[SOURCE INFORMATION]:
______
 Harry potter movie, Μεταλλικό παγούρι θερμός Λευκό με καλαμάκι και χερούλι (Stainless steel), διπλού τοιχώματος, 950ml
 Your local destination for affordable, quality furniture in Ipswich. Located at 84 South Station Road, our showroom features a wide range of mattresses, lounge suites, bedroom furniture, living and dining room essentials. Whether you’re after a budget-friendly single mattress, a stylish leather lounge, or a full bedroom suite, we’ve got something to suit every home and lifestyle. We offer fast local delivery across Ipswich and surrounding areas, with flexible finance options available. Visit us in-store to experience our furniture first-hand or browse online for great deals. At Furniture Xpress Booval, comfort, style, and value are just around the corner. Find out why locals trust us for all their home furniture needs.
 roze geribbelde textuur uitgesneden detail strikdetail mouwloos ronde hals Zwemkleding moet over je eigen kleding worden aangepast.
______
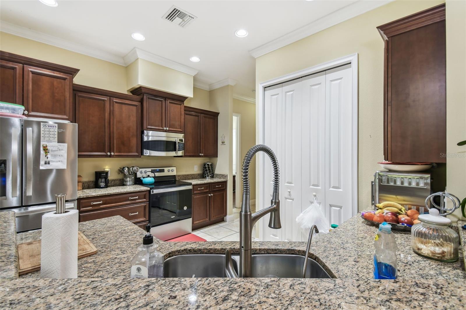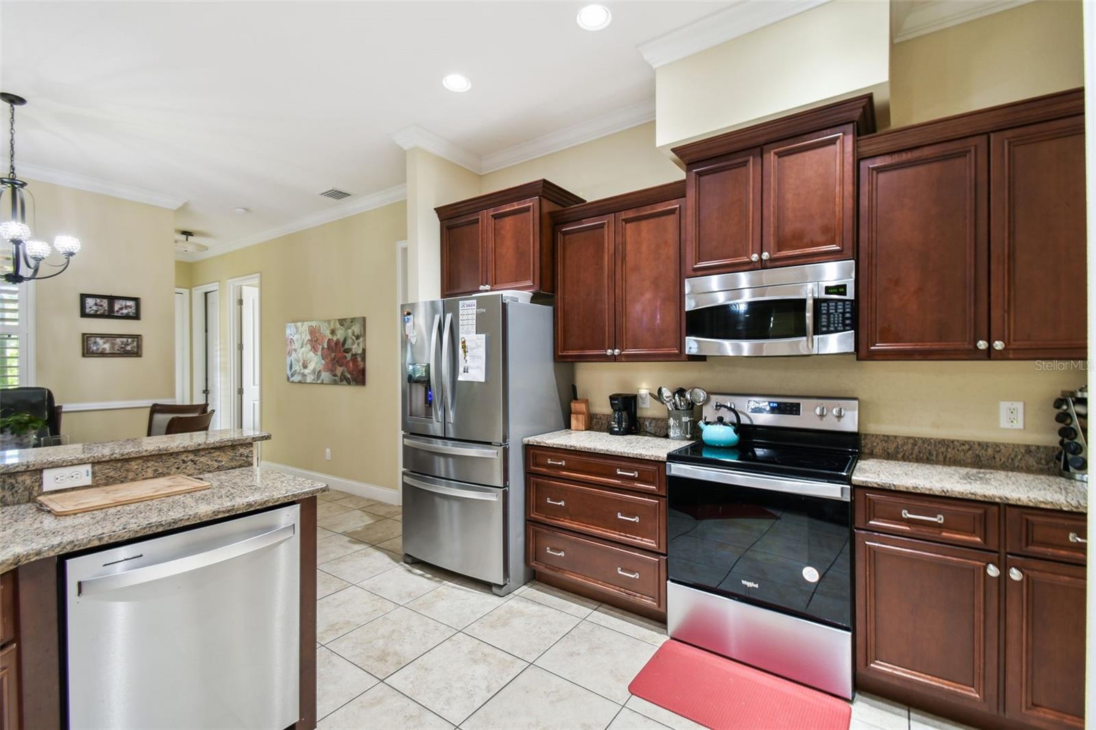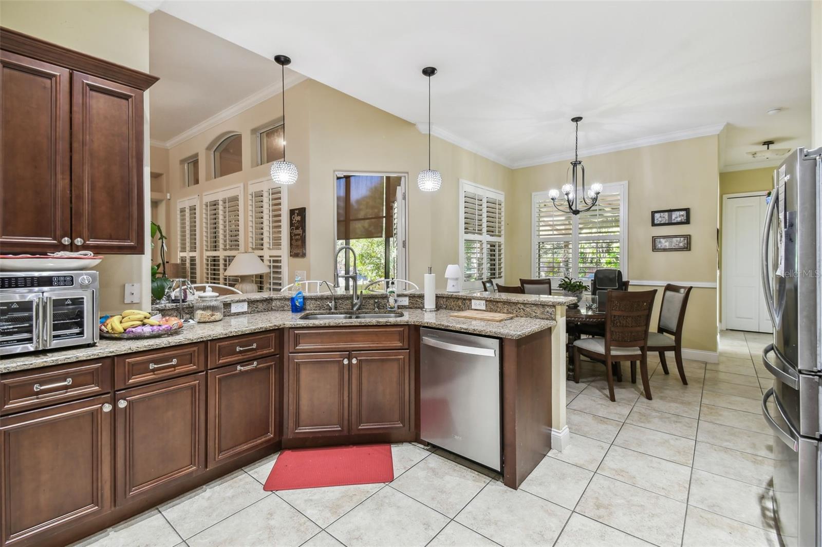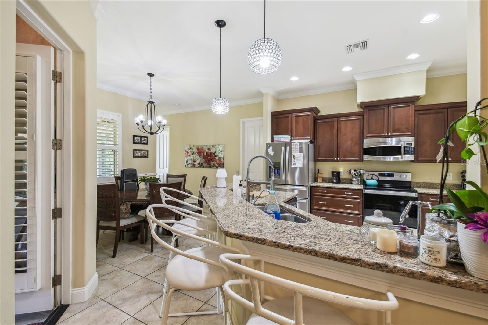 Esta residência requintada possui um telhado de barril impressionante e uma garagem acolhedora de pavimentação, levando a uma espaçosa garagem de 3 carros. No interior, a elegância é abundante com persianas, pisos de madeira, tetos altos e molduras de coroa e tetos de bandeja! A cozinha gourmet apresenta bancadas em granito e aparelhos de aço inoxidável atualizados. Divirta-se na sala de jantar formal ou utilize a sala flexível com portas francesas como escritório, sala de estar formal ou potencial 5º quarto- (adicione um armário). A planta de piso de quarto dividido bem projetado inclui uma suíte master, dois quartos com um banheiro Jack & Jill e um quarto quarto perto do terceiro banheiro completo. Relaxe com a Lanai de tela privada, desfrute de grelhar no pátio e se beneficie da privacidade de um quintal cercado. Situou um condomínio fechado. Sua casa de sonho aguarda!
______
[REQUIRED WORK]:
Looking at the data above, return every line from the one with "Your local destination" down to the one with "roze geribbelde textuur", exactly and inclusively.

[FINISHED EXERCISE]:
 Your local destination for affordable, quality furniture in Ipswich. Located at 84 South Station Road, our showroom features a wide range of mattresses, lounge suites, bedroom furniture, living and dining room essentials. Whether you’re after a budget-friendly single mattress, a stylish leather lounge, or a full bedroom suite, we’ve got something to suit every home and lifestyle. We offer fast local delivery across Ipswich and surrounding areas, with flexible finance options available. Visit us in-store to experience our furniture first-hand or browse online for great deals. At Furniture Xpress Booval, comfort, style, and value are just around the corner. Find out why locals trust us for all their home furniture needs.
 roze geribbelde textuur uitgesneden detail strikdetail mouwloos ronde hals Zwemkleding moet over je eigen kleding worden aangepast.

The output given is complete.